Instead of interrupting the anchor thread, this function can be called from Tracing.ThreadAccountantOps.isInterrupted(). Specifically:

return Tracing.getThreadAccountant.checkMemoryAndInterruptIfExceeded() || Thread.interrupted() || Tracing.getThreadAccountant().isAnchorThreadInterrupted();

A better long term solution is to change ``Tracing.ThreadAccountantOps.isInterrupted()` to

return Thread.interrupted() || Tracing.getThreadAccountant().isQueryTerminated();

ThreadResourceUsageAccountant.isQueryTerminated() is a new function:

return checkMemoryAndInterruptIfExceeded() || isAnchorThreadInterrupted()

The advantage is that new conditions can be added depending on the capability of the accountant such as also interrupting in panic mode.

vrajat · 2025-07-18T04:50:33Z

pinot-spi/src/main/java/org/apache/pinot/spi/utils/CommonConstants.java

+    public static final String CONFIG_OF_ENABLE_PER_QUERY_MEMORY_CHECK = "accounting.per.query.memory.check.enabled";
+    public static final boolean DEFAULT_ENABLE_PER_QUERY_MEMORY_CHECK = false;
+
+    public static final String CONFIG_OF_PER_QUERY_MEMORY_LIMIT_BYTES = "accounting.per.query.memory.limit.bytes";


Should there be thread in the name as single thread's allocation is checked ? Or improve the capability later to consider aggregate ?

vrajat · 2025-07-18T07:41:18Z

Check #16380 for an example of using isQueryTerminated

praveenc7 · 2025-07-21T04:07:08Z

pinot-core/src/main/java/org/apache/pinot/core/operator/BaseOperator.java

      throw new EarlyTerminationException("Interrupted while processing next block");
    }
+
+    // Check per-thread memory usage and terminate query proactively if threshold exceeded


Could it be overly chatty for light operators that iterate in a tight loop (e.g., FilterOperator on a single segment). Would the following addition make sense?
1. Short-circuiting if the thread’s memory sample hasn’t changed since last check.
2. Sampling every N blocks (configurable) instead of every block.

Even though each step is cheap, doing it 1000 times for a query that finishes in ~10 ms adds measurable overhead (extra branches, TLS lookups, potential volatile reads).
For heavier operators (joins, aggregations) the added cost is negligible, but for “light” ones the ratio might be higher.

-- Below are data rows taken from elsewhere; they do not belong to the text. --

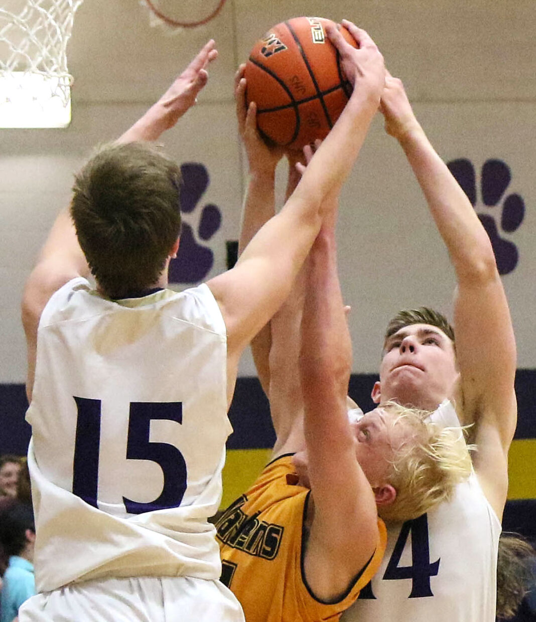 Josiah Williams and Trent McMaster out rebound a Warden player.
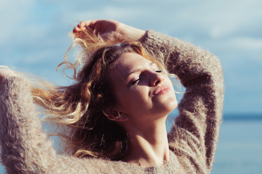 Happy woman outdoor wearing jumper
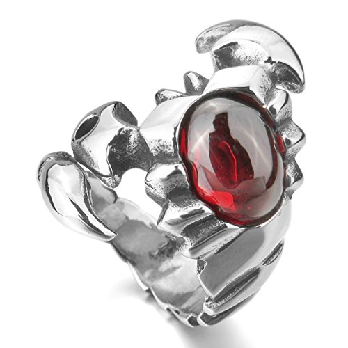 MunkiMix Acciaio Inossidabile Zirconia Cubica Zircone Anello Anelli Tono Argento Rosso Scorpione Uomo
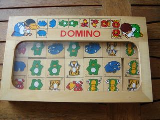 Vendo domino infantil de animales, de madera, con caja también de madera y tapa con cristal. En perfecto estado, tanto la caja con cristal como las fichas. Son 28 fichas. Cada ficha mide 9x5x1 cm y la caja 33x20x5 cm. Ideal para niños a partir de 2 años, piezas grandes y manejables. Gastos de envío no incluidos.
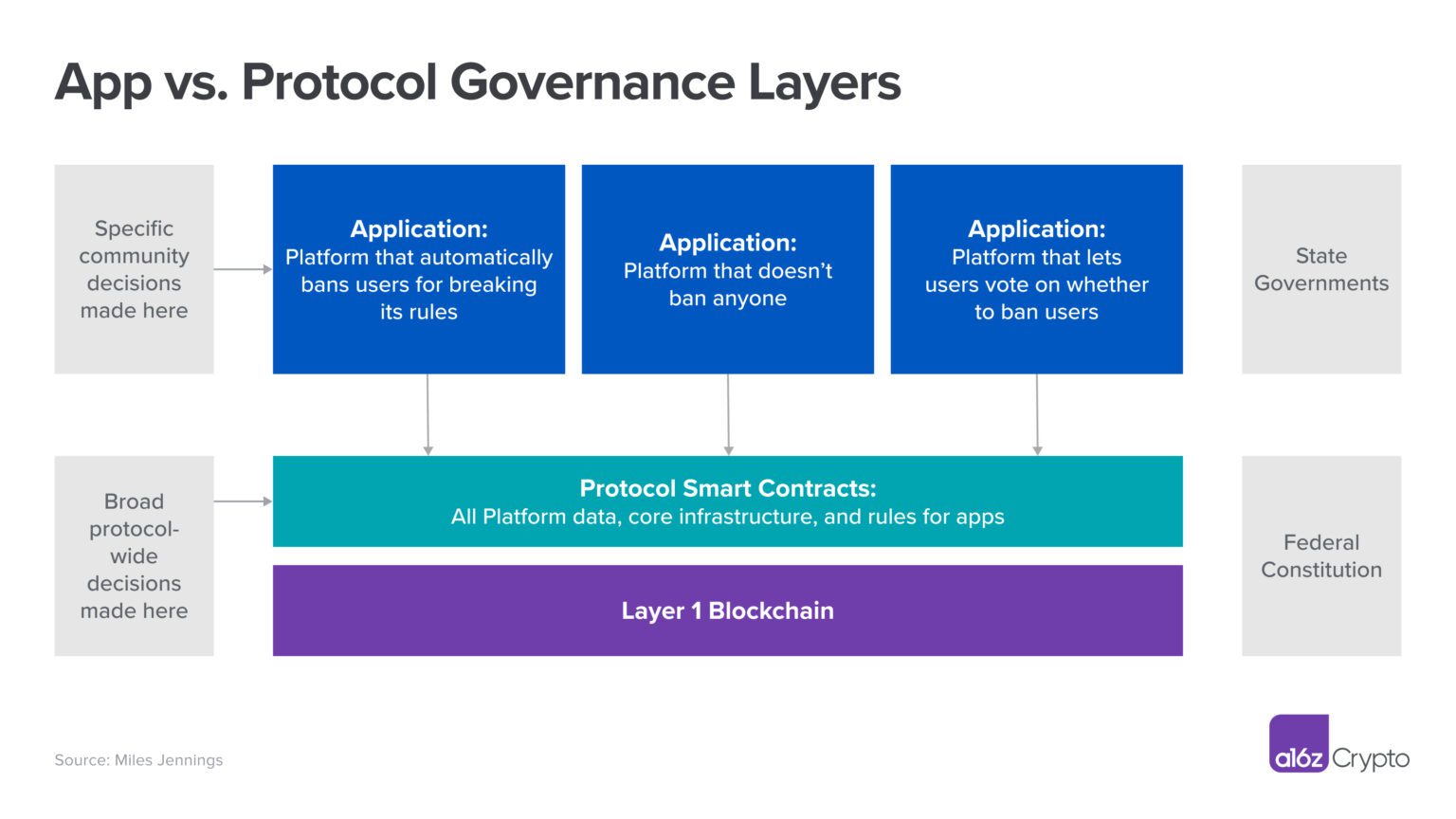 4. Changing the rules (if necessary).An array of design choices exists in determining the relationship between protocol and app layers. Protocols may be fully neutral and unchangeable, or they may incorporate an amendment process. Conversely, the apps could feature more adaptability suited for their curated communities, subject to core limitations imposed by the protocol.
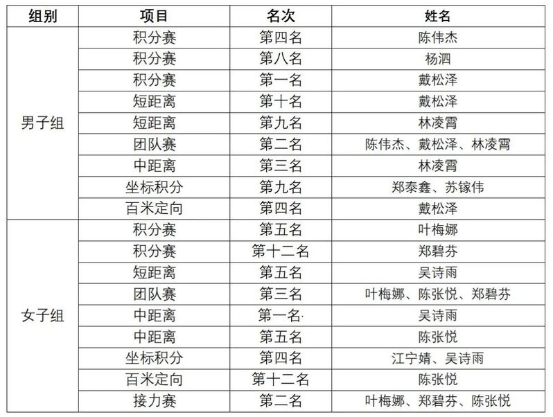 定向越野代表隊(duì)獲得團(tuán)體總分第一名

praveenc7 · 2025-07-21T04:24:12Z

pinot-core/src/main/java/org/apache/pinot/core/accounting/PerQueryCPUMemAccountantFactory.java

+          CommonConstants.Accounting.DEFAULT_PER_THREAD_QUERY_MEMORY_LIMIT_BYTES);
+      // If using default value, dynamically calculate based on actual heap size for better defaults
+      if (configuredLimit == CommonConstants.Accounting.DEFAULT_PER_THREAD_QUERY_MEMORY_LIMIT_BYTES) {
+        long maxHeapMemory = Runtime.getRuntime().maxMemory();


Inside cgroup, sometime memory.limit_in_bytes < JVM -Xmx.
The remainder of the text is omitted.